AIM OF THE TASK
Restate exactly the lines of the entries below, beginning with the first and ending with the line that holds "07/01/2014 A Liga". Pictures are not copied.

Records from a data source

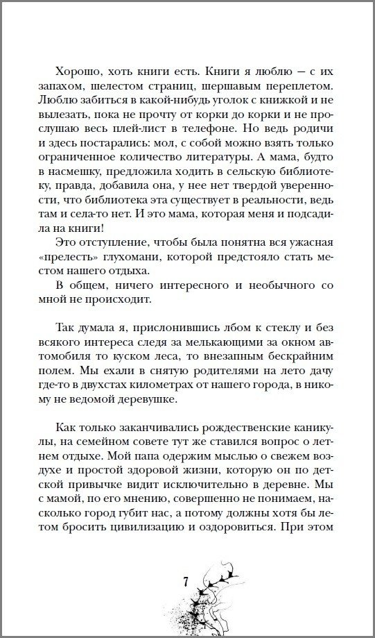 С Викой никогда ничего не происходит и произойти не может – она в этом твердо уверена. Вот и теперь самое страшное, что ей грозит, – это летний месяц в глухой деревеньке, в старом доме на самом краю леса, вдали от друзей и интернета. Только деревня какая-то странная – не отмечена ни на одной карте. За высокими заборами прячутся тихие, будто вымершие, избы. Во дворе Викиного дома в зарослях малины скрывается темный, бездонный колодец, из которого веет необъяснимым ужасом. А в глубине густого, зеленого леса затаилось болото, откуда по ночам в деревню приходит оно – или она? – и зовет, и манит за собой. Кому по силам вырваться из ее объятий?
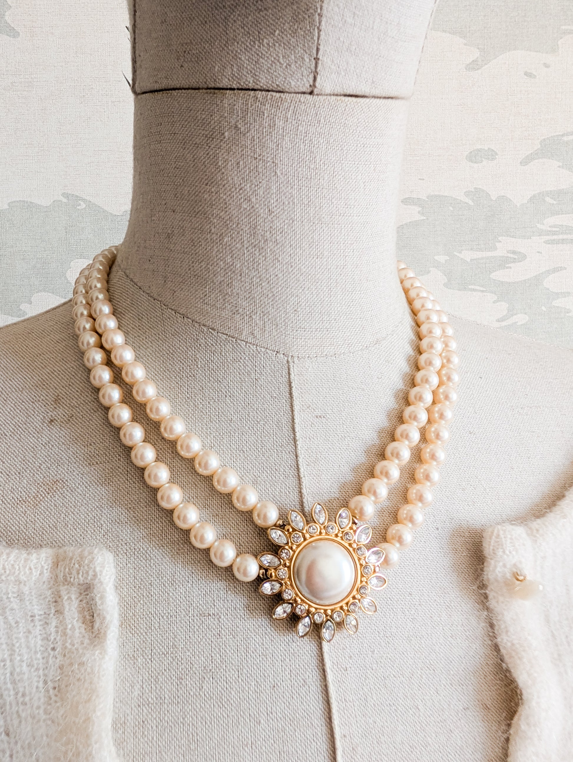 Le collier présente deux rangs de perles de verre nacrées.bau centre, un magnifique médaillon en métal doré pavé de strass en verre blanc et d'une perle fantaisie.
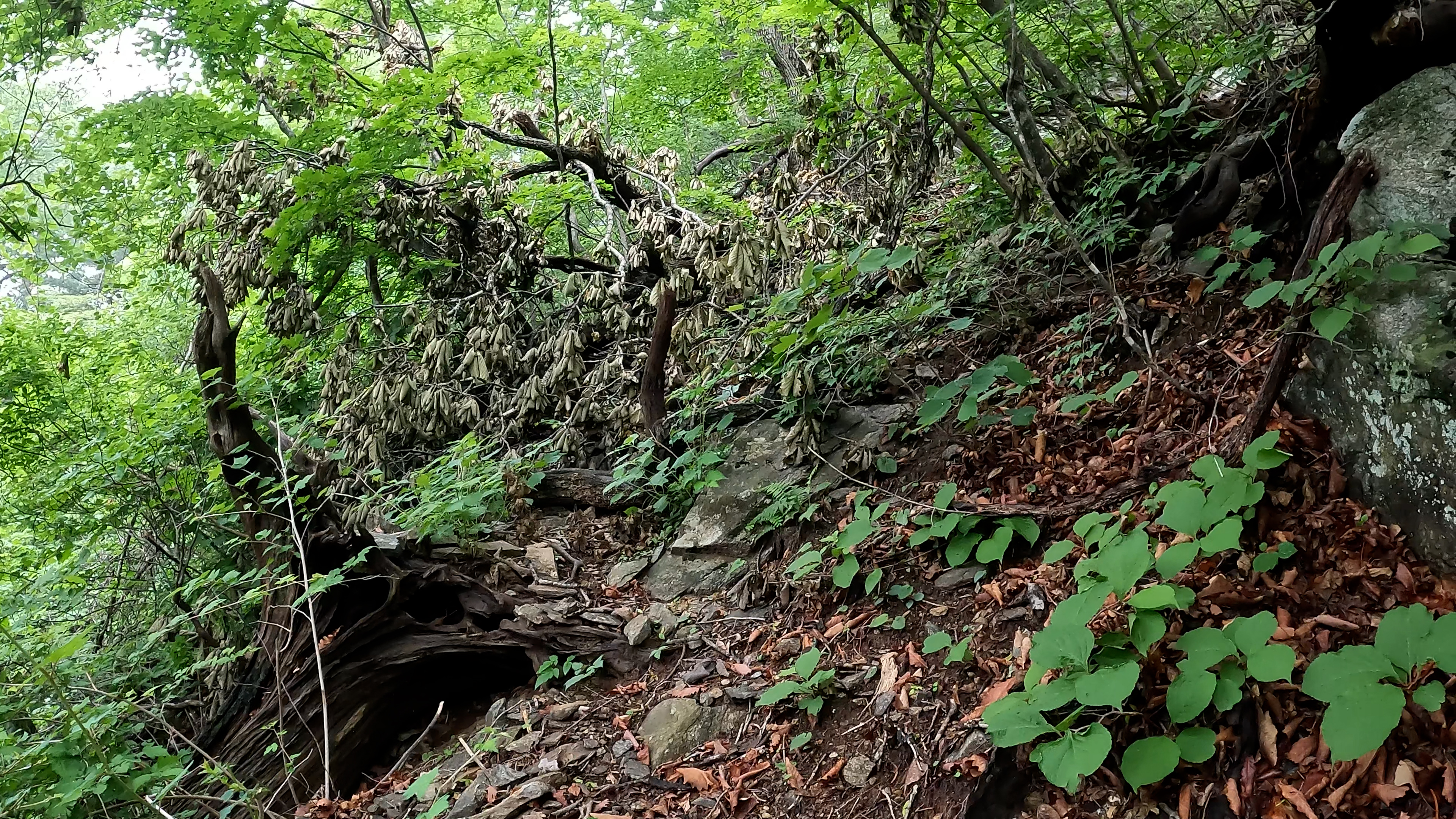 어제 비가 와서 폭포는 정말 아름다웠는데 여기서부터 알바와 고난이 시작되었습니다. 길에 신발은 비가 온 후라 푹푹 빠지고 미끄러워 진행이 어려웠습니다. 그리고 무엇보다 산사태로 인해 길이 없는 경우가 너무 많아 길을 찾을 수 없었다는 게 가장 큰 문제였습니다. 순간 어떻게 하지라는 생각에 맨탈이 흔들리기도 했습니다. 독주골로 하산을 한다는 건 더 위험할 것 같고 만나고 온 칠점사가 다시 기다리고 있을 거 같고 정말 난감했습니다.
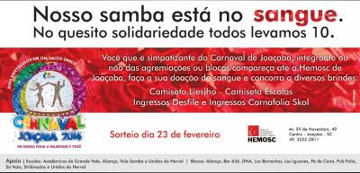 07/01/2014 A Liga Independente das Escolas de Samba de Joaçaba e Herval d´Oeste (LIESJHO) promove a campanha “Nosso samba está no sangue. No quesito solidariedade todos levamos 10”. A campanha elaborada em conjunto com o Hemosc/Joaçaba tem por objetivo auxiliar na captação de doadores para a instituição. Participam da campanha as escolas [Leia Mais]
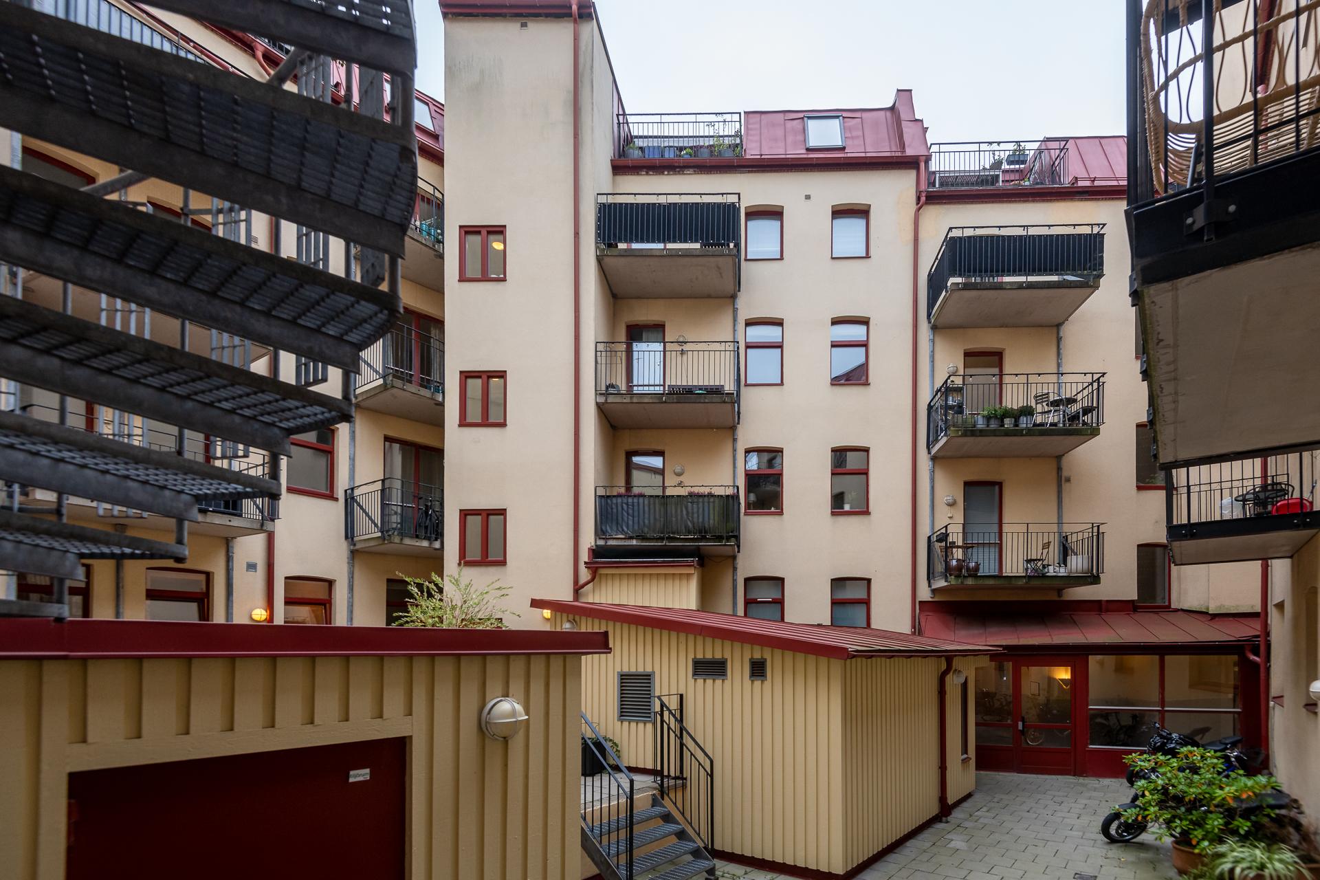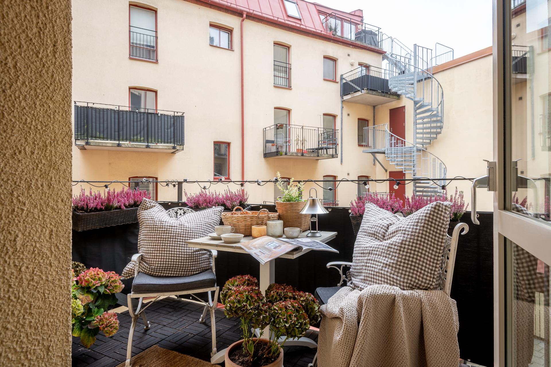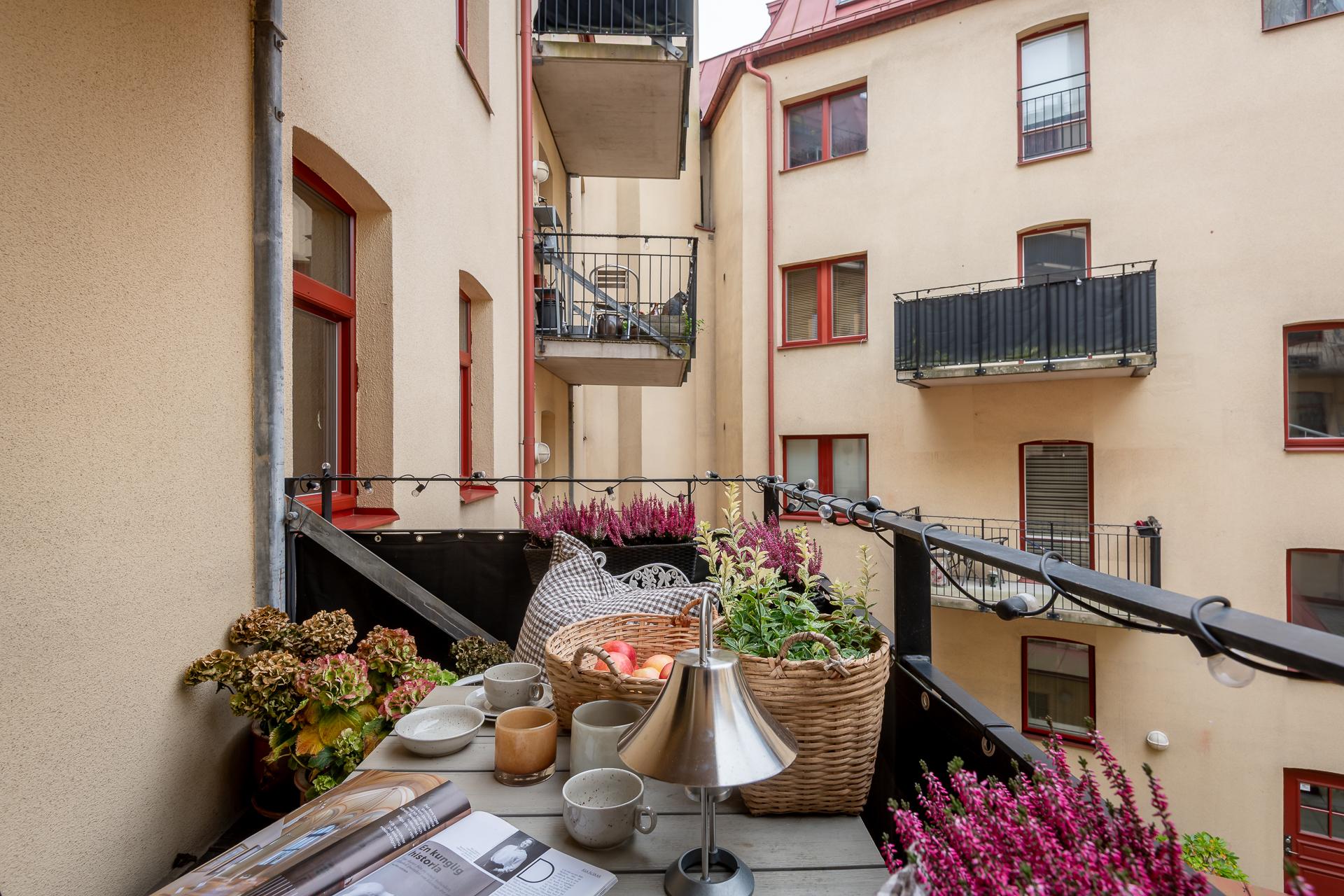 I härligt västerläge bjuds ni på gott om sol under stora delar av dagen. En bra plats att starta dagen med en frukost men lika gott är det att ta ett glas vin i kvällssolen en bra sommardag. Här får ni plats med både bord, stolar och kökets odling gällande kryddor och örter. Oavsett vad blir det en lugn oas- det är svårt att föreställa sig att man befinner sig bara några meter ifrån Kungsgatan och centralaste delarna av Göteborg.

ANSWER FOR THIS EXERCISE
 С Викой никогда ничего не происходит и произойти не может – она в этом твердо уверена. Вот и теперь самое страшное, что ей грозит, – это летний месяц в глухой деревеньке, в старом доме на самом краю леса, вдали от друзей и интернета. Только деревня какая-то странная – не отмечена ни на одной карте. За высокими заборами прячутся тихие, будто вымершие, избы. Во дворе Викиного дома в зарослях малины скрывается темный, бездонный колодец, из которого веет необъяснимым ужасом. А в глубине густого, зеленого леса затаилось болото, откуда по ночам в деревню приходит оно – или она? – и зовет, и манит за собой. Кому по силам вырваться из ее объятий?
 Le collier présente deux rangs de perles de verre nacrées.bau centre, un magnifique médaillon en métal doré pavé de strass en verre blanc et d'une perle fantaisie.
 어제 비가 와서 폭포는 정말 아름다웠는데 여기서부터 알바와 고난이 시작되었습니다. 길에 신발은 비가 온 후라 푹푹 빠지고 미끄러워 진행이 어려웠습니다. 그리고 무엇보다 산사태로 인해 길이 없는 경우가 너무 많아 길을 찾을 수 없었다는 게 가장 큰 문제였습니다. 순간 어떻게 하지라는 생각에 맨탈이 흔들리기도 했습니다. 독주골로 하산을 한다는 건 더 위험할 것 같고 만나고 온 칠점사가 다시 기다리고 있을 거 같고 정말 난감했습니다.
 07/01/2014 A Liga Independente das Escolas de Samba de Joaçaba e Herval d´Oeste (LIESJHO) promove a campanha “Nosso samba está no sangue. No quesito solidariedade todos levamos 10”. A campanha elaborada em conjunto com o Hemosc/Joaçaba tem por objetivo auxiliar na captação de doadores para a instituição. Participam da campanha as escolas [Leia Mais]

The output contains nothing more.